• TASK TO CARRY OUT
Please keep the images out and set down the data exactly as given.

:: RAW DATA

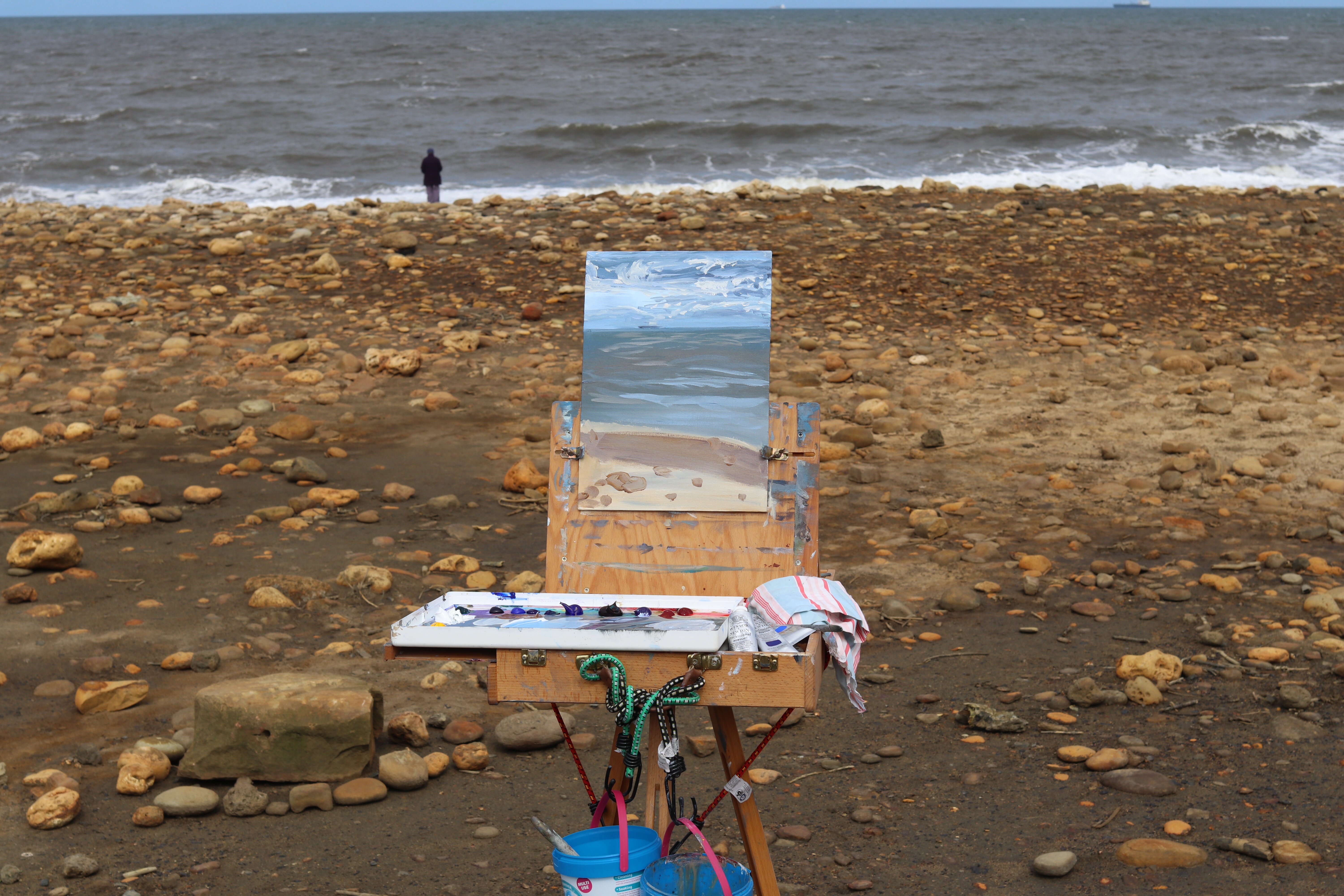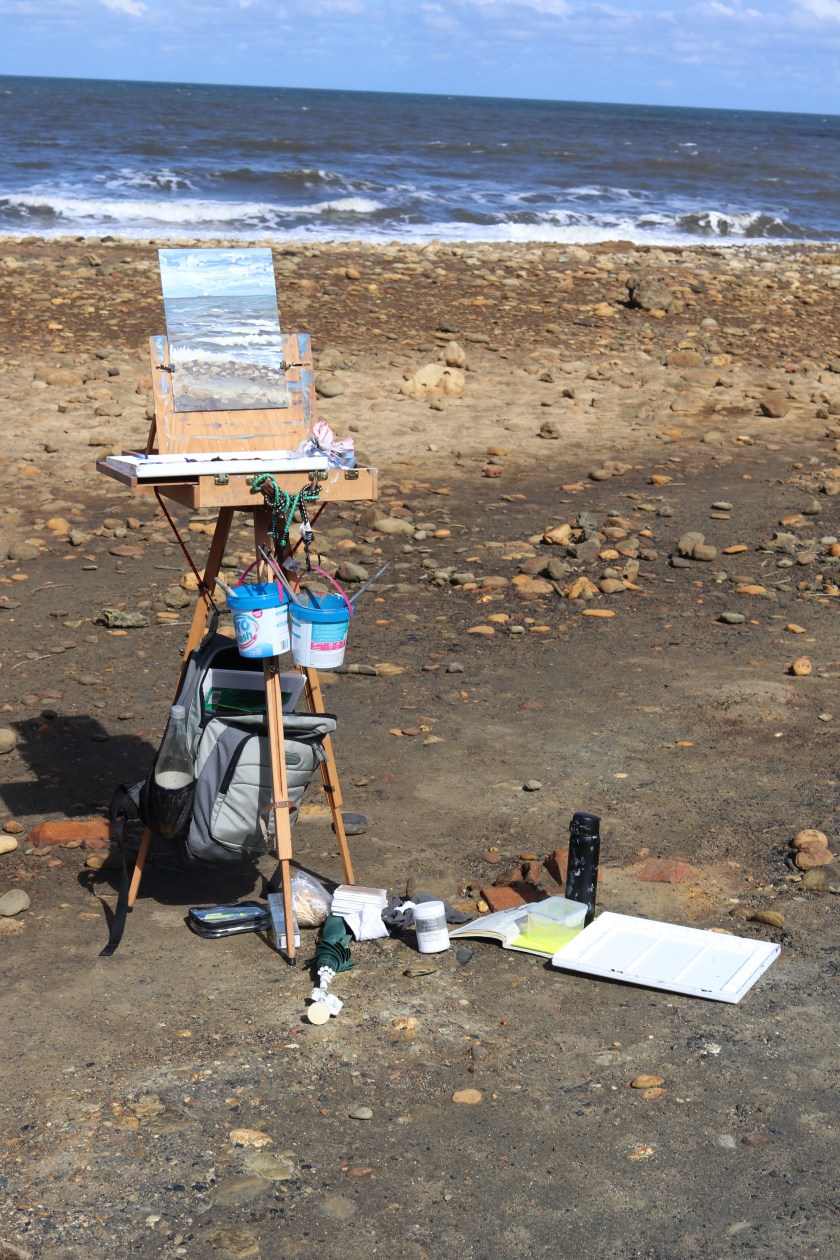 We were chatting to another lady who had done an art A Level as an adult, her parents even attended parents evening. She then went on to do an art degree and was beach combing for sea glass and things to makes jewelry with. She had painted outside once, but a man had parked himself behind her and made disparaging comments. She’s never been out since.
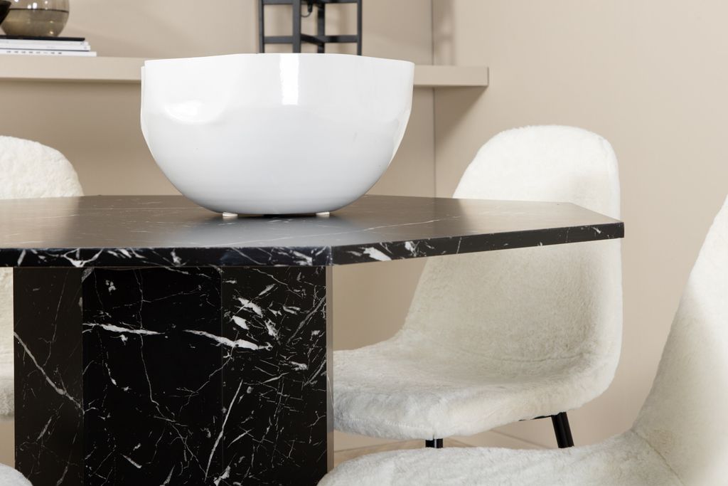 Elegant matgrupp med ett oktagonalt marmorbord och fyra bekväma stolar i vitt teddytyg. Stilfullt och tidlöst.
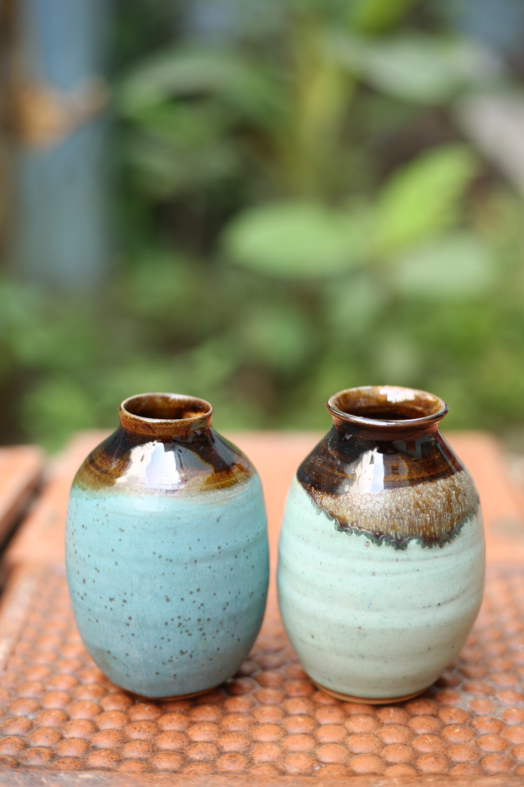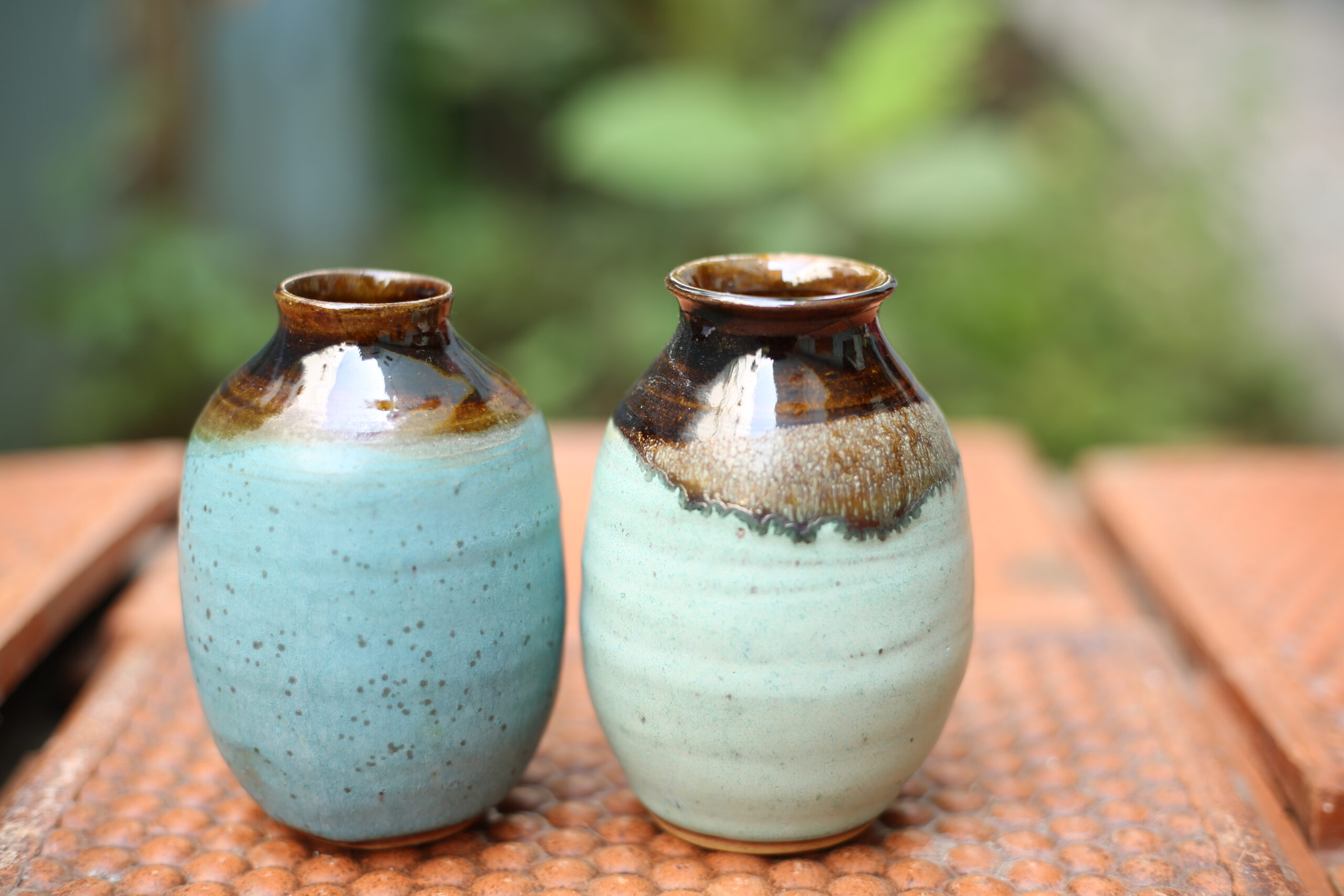 Perfect as bud vases, table accents, or even as standalone statement pieces, they seamlessly blend form and function. Tthe cool turquoise and celadon tones with earthy brown glazes feel like a meeting of water and earth. Their organic drip patterns and soft curves bring a sense of calm and quiet strength to any space.

::::

• TASK SOLUTION
 We were chatting to another lady who had done an art A Level as an adult, her parents even attended parents evening. She then went on to do an art degree and was beach combing for sea glass and things to makes jewelry with. She had painted outside once, but a man had parked himself behind her and made disparaging comments. She’s never been out since.
 Elegant matgrupp med ett oktagonalt marmorbord och fyra bekväma stolar i vitt teddytyg. Stilfullt och tidlöst.
 Perfect as bud vases, table accents, or even as standalone statement pieces, they seamlessly blend form and function. Tthe cool turquoise and celadon tones with earthy brown glazes feel like a meeting of water and earth. Their organic drip patterns and soft curves bring a sense of calm and quiet strength to any space.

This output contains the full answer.